State v. Gainey

Decision Date01 September 2009
Docket NumberNo. 29143.,29143.
Citation977 A.2d 257,116 Conn.App. 710
CourtConnecticut Court of Appeals
PartiesSTATE of Connecticut v. Ontario I. GAINEY.

Kent Drager, senior assistant public defender, for the appellant (defendant).

James M. Ralls, senior assistant state's attorney, with whom, on the brief, were John A. Connelly, state's attorney, and David A. Gulick, assistant state's attorney, for the appellee (state).

FLYNN, C.J., and ROBINSON and LAVERY, Js.

LAVERY, J.

The defendant, Ontario I. Gainey, appeals from the judgment of conviction, rendered after a jury trial, of possession of narcotics in violation of General Statutes § 21a-279(a).1 On appeal, the defendant claims that (1) the trial court improperly responded to a jury question regarding nonexclusive possession and (2) the evidence adduced at trial was insufficient to prove that he constructively possessed the heroin found hidden in a car.2 We agree with the defendant on both claims and reverse the judgment of the trial court.
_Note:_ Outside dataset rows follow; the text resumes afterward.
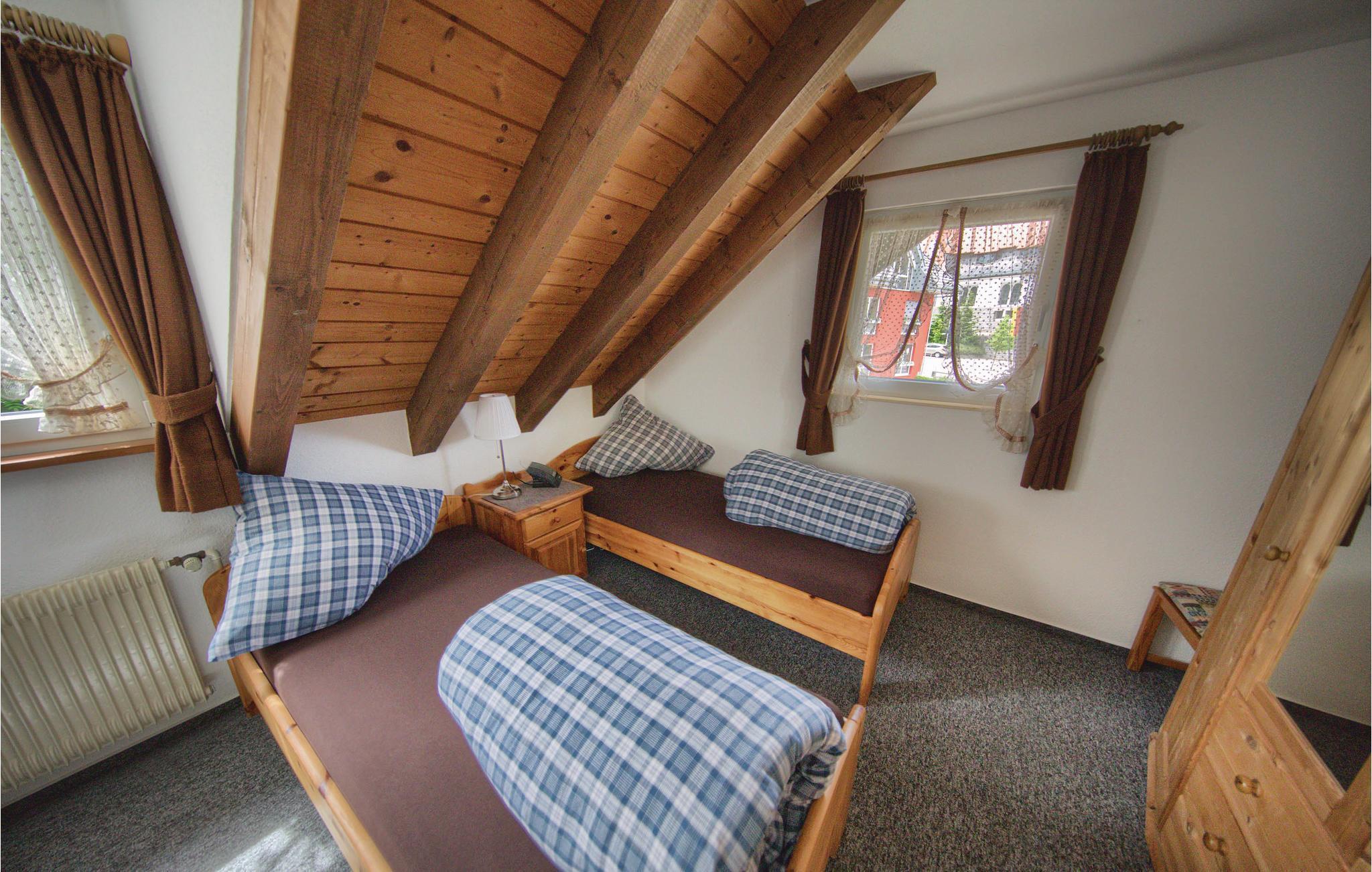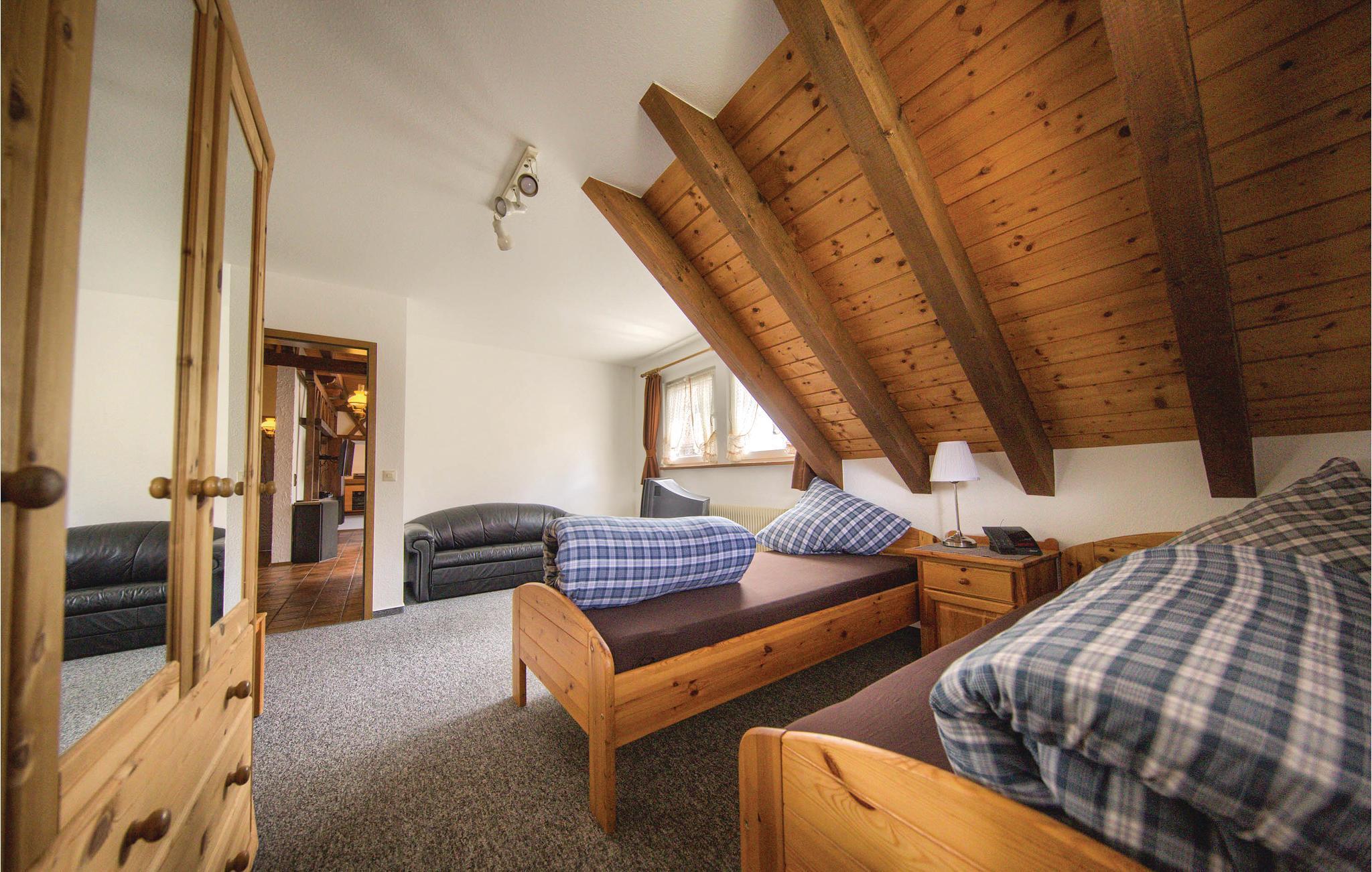 Die beiden großen, komplett möblierten Balkone erlauben einen herrlichen Blick über Schonach und auf die Ortsmitte.Auf 105 m² ist genügend Platz, um einen entspannten Urlaub zu zweit oder mit der ganzen Familie zu verbringen. Die im Fachwerkstil ausgebaute Wohnung verfügt über ein Schlafzimmer mit Doppelbett und einem Schlafzimmer mit zwei Einzelbetten, Schlafsofa und Fernseher. Zusätzlich stehen Kinderbett und Hochstuhl bereit.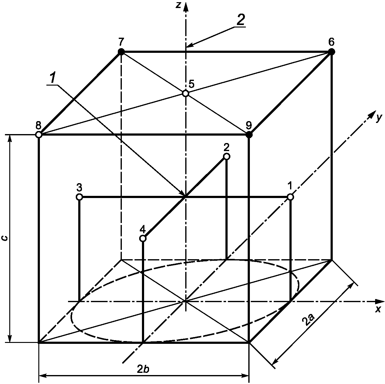 Примечание 1 - У ручных приборов, а также у изделий, устанавливаемых на подвесе или специальной стойке (подставке), акустический центр совпадает с геометрическим центром огибающего параллелепипеда, включающего в себя основную часть испытуемого изделия.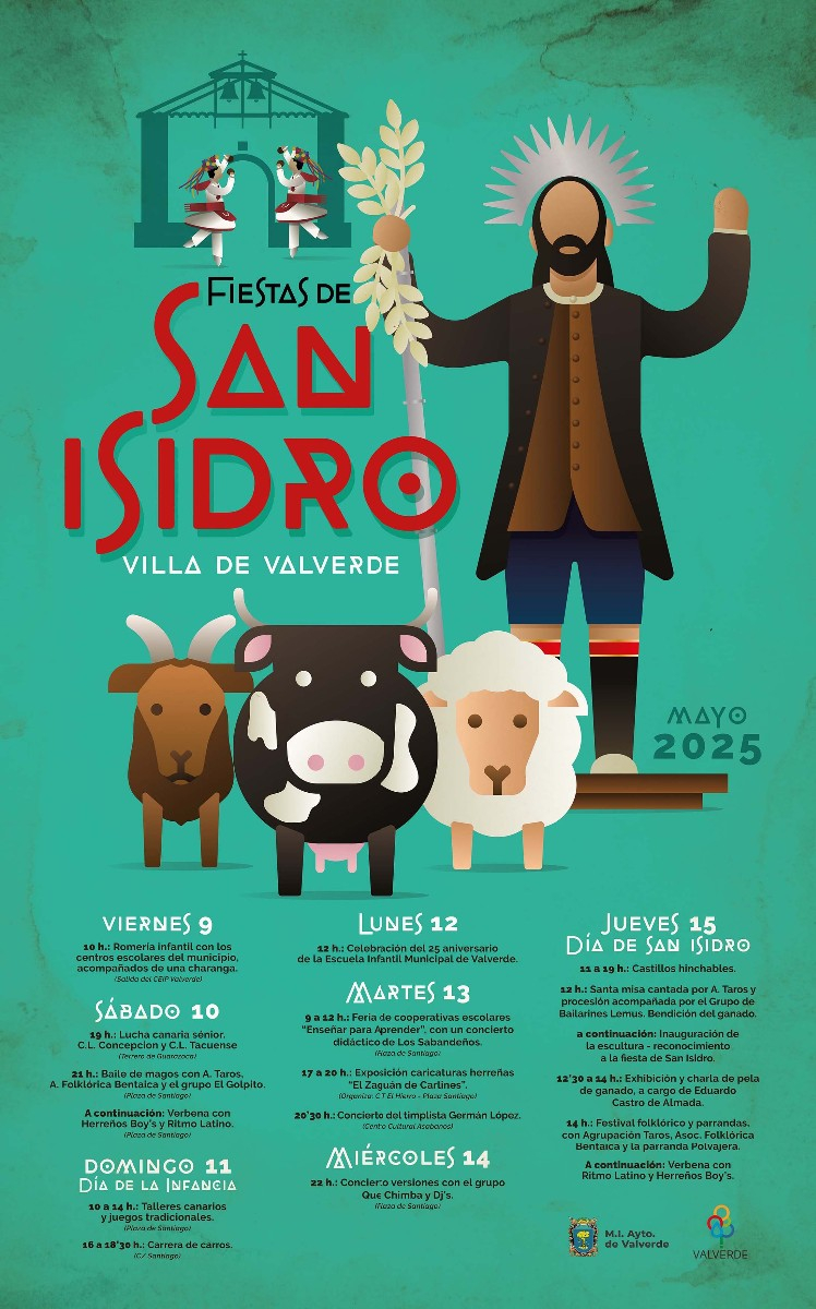 El programa incluye la tradicional romería protagonizada por los escolares del municipio, lucha canaria, talleres de juegos tradicionales, conciertos, feria de cooperativas escolares, bailes y la gran celebración del Día de San Isidro con misa, procesión y bendición del ganado.

The jury reasonably could have found the following facts. On November 10, 2005, the Waterbury police department served a search warrant for the defendant, his residence and a Chevrolet Blazer (Blazer) in the yard. Upon the police officers' entry into the house where the defendant resided, they detained the defendant and a female individual inside. One of the officers found a set of keys in one of the bedrooms on the first floor, which unlocked the Blazer in the yard.3 Also found in that bedroom was an eviction notice addressed to the defendant and a Jane Doe. The search then moved to the kitchen where a scale and a plastic bag with rice were found. There were no drugs, money or needles found in the house. The search then continued inside the Blazer. The search yielded a two month old Connecticut Light and Power Company shut off notice in the defendant's name, a screwdriver that was being used to start the ignition, as well as a cellular telephone instruction manual with the defendant's nickname written on it with "several hearts and designs on it" found under the rear seat. But the search did not yield any insurance or registration cards, and the last registered owner of the vehicle was not the defendant. Hidden in the ashtray area in the rear passenger compartment, the officers found a plastic bag with several ounces of rice and fifteen blue glassine bags with a brown substance in it that was later confirmed as heroin.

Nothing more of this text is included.